Do we understand why prompt engineering is still necessary? Why it is unable to correctly determine ("understand") what output the user wants from unstructured input?
Sure, but from my experience it seems like humans currently have a much better ability to infer context and meaning from input than these current generation of LLMs.
I assume that as LLMs get better they will be able to produce better output without needing to be prompted in such specific ways.
Or perhaps ask simple and common follow up questions when they detect ambiguity in the request, like humans do.
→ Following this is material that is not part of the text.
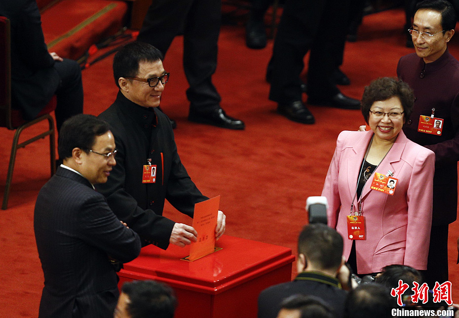 3月11日下午,全国政协十二届一次会议第四次全体会议在北京人民大会堂举行,选举产生新一届政协领导人。图为成龙投票。中新社发 张浩 摄

I think the key missing ingredient of current AI systems is the lack of internal monologue. LLMs are capable of asking questions, but currently you need explicitly prompt it to deconstruct a problem into steps, analyse these text and decide whether a question is warranted. You basically need to verbalise our normal thought process and put it in the system prompt. I imagine that if LLM could do few passes of something akin to our inner monologue before giving us a response they would do a lot better on tasks that require reasoning.
This is being worked on, look into Chain/Tree of Thought applications
What is missing for me is it recognizing that it lacks enough information to provide a sufficient response, and then asking for the missing information.
- typically, it responds with a general answer
- sometimes it will say it can give a better answer if you provide more information (this has been increasingly happening)
- however, it does not ask for specific information or context, it doesn't ask what if, or if/else, kinds of problem decomposing questions
I do expect these things to improve as we are reaching the limit of raw training data & model sizes. We're primarily in the second order improvements phase now for real applications. (there are still first order algo improvements happening too)
This makes sense to me. LLMs would benefit tremendously by using clarification prompts. Instead they spew output with whatever confidence level their creators deem is good enough.